Storage costs are significant: 1 hour of 1080p live stream at 5 Mbps = 2.25 GB per quality tier. With 6 tiers, ~13 GB per stream-hour. At 30,000 concurrent streams averaging 2 hours, daily storage growth is ~780 TB. A lifecycle policy moves older VODs to cheaper storage tiers (S3 Glacier) and deletes after a retention period unless the creator opts into permanent storage.
Scale Numbers
Reference numbers for interview context:
- Twitch peak: ~8 million concurrent viewers, ~30,000 concurrent streams
- Each stream: 6-8 transcoded quality variants produced in real time
- Segment cadence: one new HLS segment every 2-6 seconds per stream per quality = ~1.5M segment files created per minute across all streams
- CDN handles 99%+ of viewer bandwidth; origin sees only cache-miss traffic
- Ingest bandwidth per stream: 6-15 Mbps (streamer upload)

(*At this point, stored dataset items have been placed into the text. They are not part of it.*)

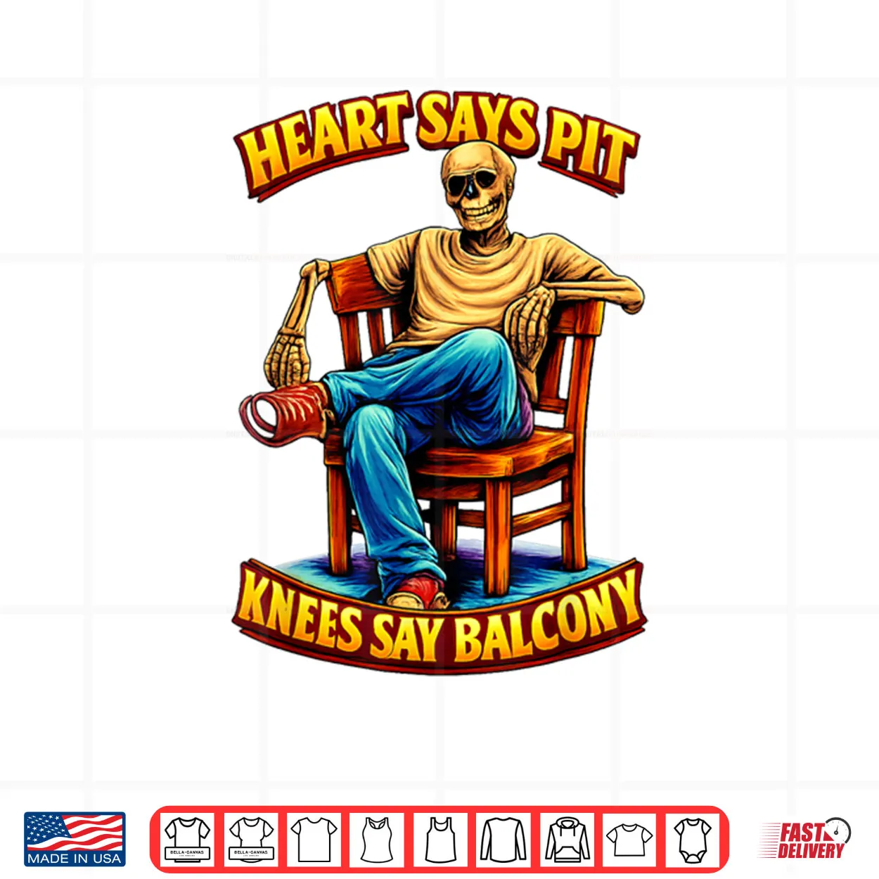 heart says pit, knees say balcony, concert humor, music fan, aging, relatable, mosh pit, festival, funny, shirt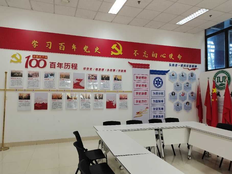 党群活动室展厅分为四个主要主题。第一部分是党史、科学家史宣传板块,包括中国共产党百年历程以及为党分忧、为国解难、攻坚克难、勇攀高峰的老一辈科学家精神的介绍;第二部分是科学家故事板块,包括城市所院士风采、聚焦国家重大需求和发挥党员先锋模范作用三个部分;第三部分是城市所创新文化角板块,展示城市所创新文化大赛各类作品,体现城市所优秀的建所文化;第四部分是党建工作板块,主要是城市所获得各级表彰的两优一先典型以及城市所“一二三四”党建工作法,体现党建引领科研,研究所的组织管理能力。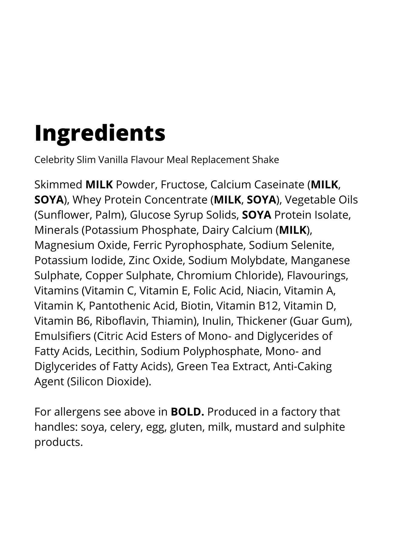 How Many Calories In Celebrity Slim Shake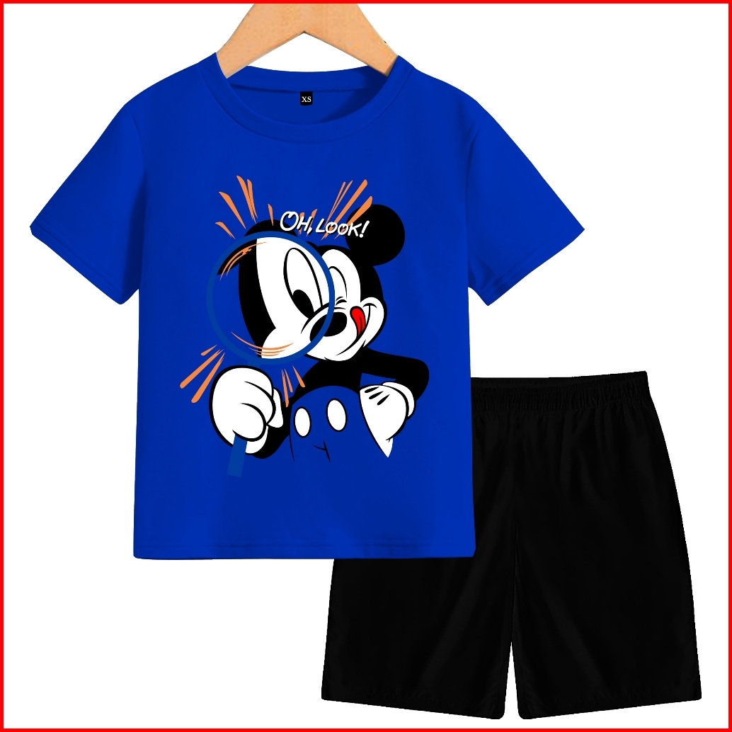 Setelan Anak Anak Motif Mickey Mouse Lengan Pendek Celana Pendek Bahan Katun
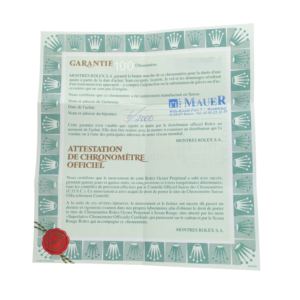 - メーカー保証書( 2000年6月海外購入) / タグ
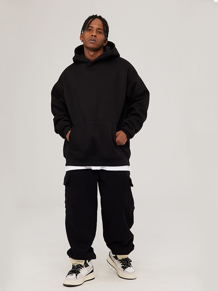 Cómodo invierno bordado hombres de talla grande ropa deportiva sudaderas con capucha elegante diseño minimalista 100% algodón de gran tamaño polar para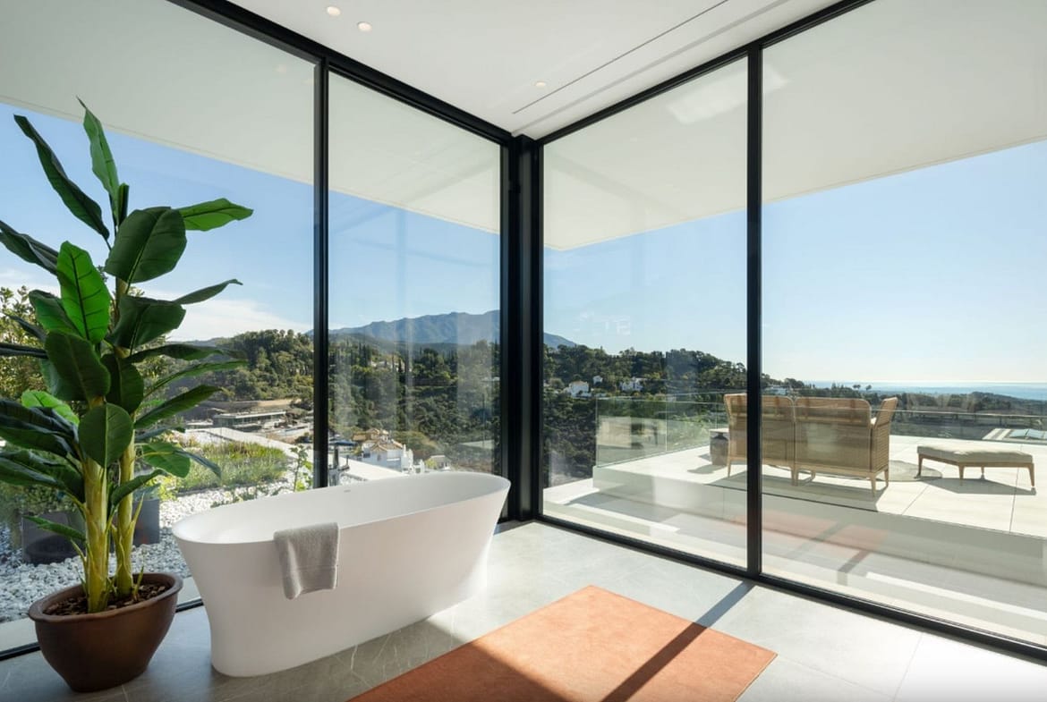 Discover this exceptional contemporary villa for sale in the prestigious gated community of El Madroñal, nestled in the tranquil hills of Marbella. This remarkable property seamlessly blends modern architectural design with natural beauty, offering breathtaking panoramic views of the Mediterranean Sea and surrounding mountains. Every detail has been thoughtfully curated to deliver a luxurious and harmonious lifestyle.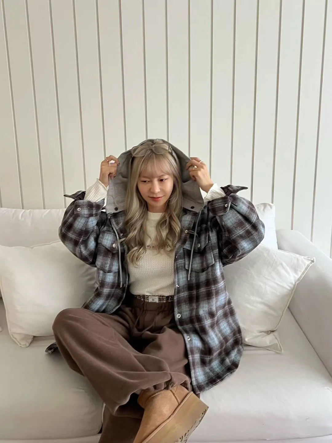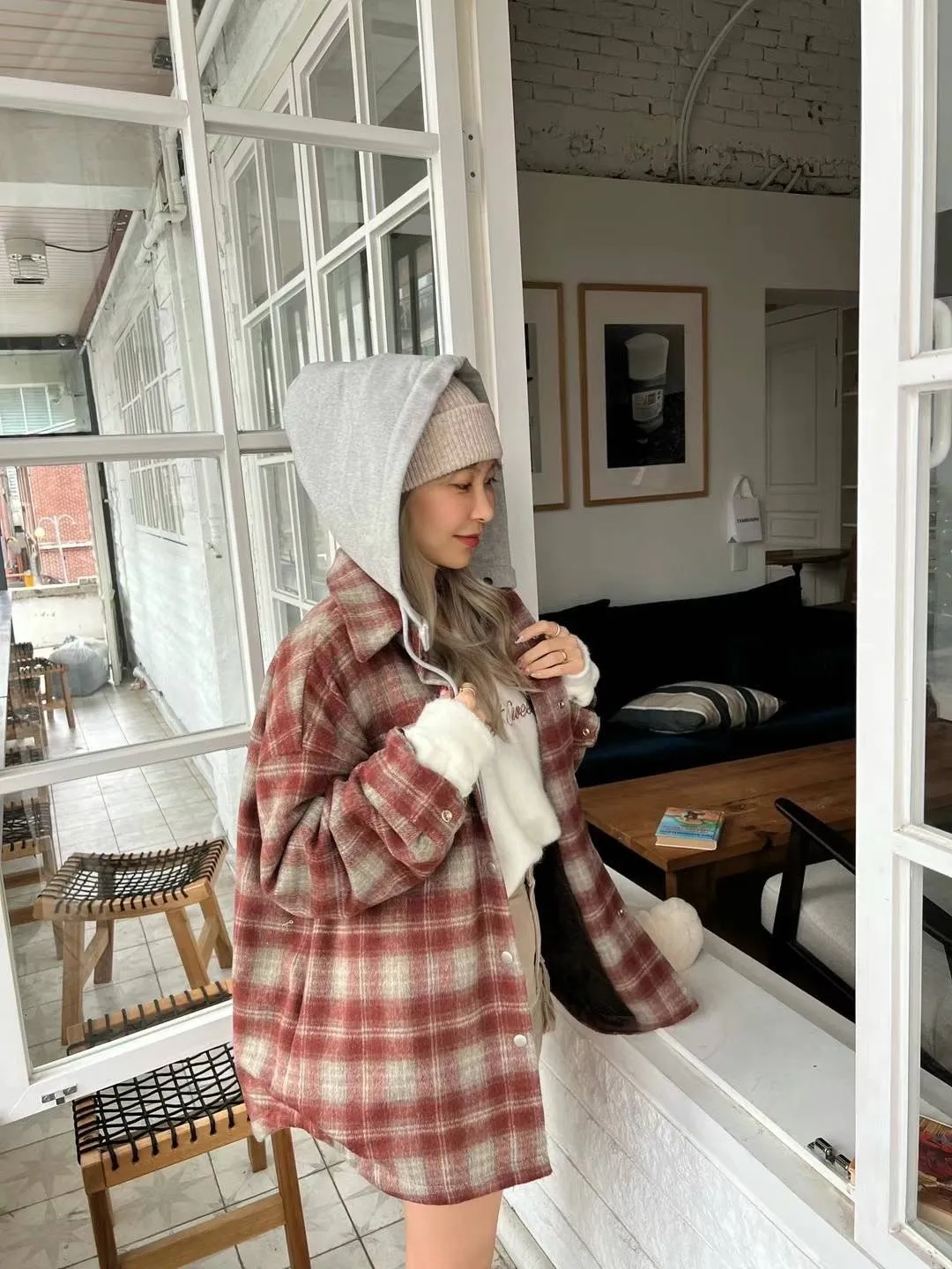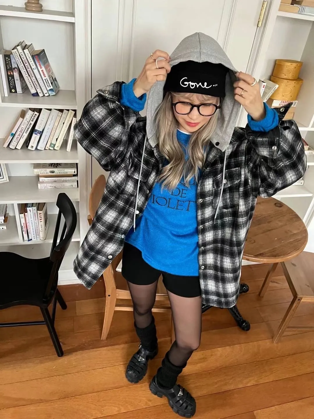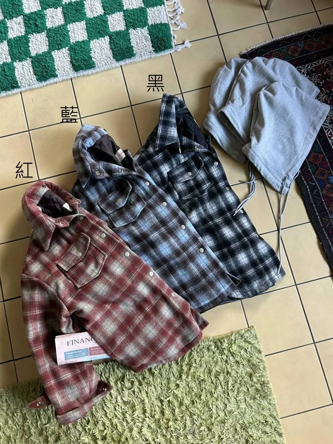 GD284男友風格紋連帽外套 藍 紅 黑 官網價$1880 線上價$1850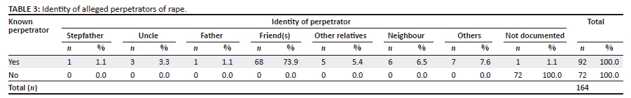 The findings in this study show a strong and significant association between the incidence of alleged rape and when it occurs, namely mostly on weekend nights, up to midnight. This finding corroborates that of Swart et al. (2000), who report that the incidence of rape in Johannesburg, South Africa, was found to dramatically increase from Fridays, with the highest incidence on Saturday, followed by Sundays (Swart et al. 2000). In addition, they report that most rapes reported in the Johannesburg area occurred between 18:01 and 00:00 (Swart et al. 2000). This suggests a link between the incidence of rape and increased social gatherings that often take place, sometimes up to midnight, on the weekend days in most parts of South Africa. Most rapes are reported to occur at social gatherings while people are consuming alcohol (Cole 2006). In South Africa, a person cannot legally consent to sex if they are intoxicated (South African Government 2007). In this study, only a small number of victims of rape reported having consumed alcoholic beverages. This is contradictory to the findings of Oshodi et al. in a Cape Town study, where 58% of the rape victims reported having used alcohol (Oshodi et al. 2020). This suggests that one can be a victim of sexual assault regardless of the level of alcohol intoxication. While the majority of the victims were mentally competent, about 5.5% (n = 9) were recorded to be mentally incompetent and may have been incapable of consenting to sexual acts. This corroborates findings from studies that report that individuals with mental retardation are increasingly becoming victims of sexual abuse, including rape, in South Africa (Calitz 2011). The ingrained reliance of such people on the caregiver authority figure, emotional and social insecurities, ignorance of sexuality and sexual abuse and a powerless position in society have been documented as some of the reasons why mentally incompetent individuals are especially prone to sexual abuse (Morano 2001). Because the vast majority of these individuals are often unable to testify in court, the majority of perpetrators tend to avoid arrest, because of lack of evidence (Kheswa 2014). However, Pillay and Sargent (2000) advocate that a non-intimidatory approach, characterised by developmentally sensitive interviewing and the use of an intermediary system can substantially increase the individual's level of confidence and enable them to relate the events in simple terms and give credible evidence in court (Pillay & Sargent 2000). It has been reported that primary care physicians (PCPs) have a potentially powerful role in preventing and documenting cases of sexual abuse of people who are affected by intellectual disabilities in their communities (Morano 2001). During clinical visits, PCPs must look out for signs of sexual abuse or sexual activity and must exhibit courage and report any irregularities (Morano 2001). In addition, PCPs should be aware that people who are mentally incompetent and who live in community group homes can be easy targets for abuse by caregivers or other members of the community as the majority of abusers are known to these individuals (Morano 2001).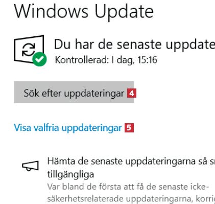 Här hittar du de valfria drivrutinsuppdateringar som kan finnas tillgängliga. Klicka på pilen 6 vid Drivrutinsuppdateringar.

- Aggregate viewer bandwidth: tens of Tbps across the CDN at peak
- Chat at scale: a single popular stream can generate 50,000+ messages per minute
Twitch is the canonical live streaming platform. See system design questions for Twitch interview: live streaming and video delivery design.
Netflix uses streaming architecture at massive scale. See system design patterns for Netflix interview: video streaming and CDN delivery design.
Snap uses live video and streaming for Stories. See system design patterns for Snap interview: live stories and real-time video delivery.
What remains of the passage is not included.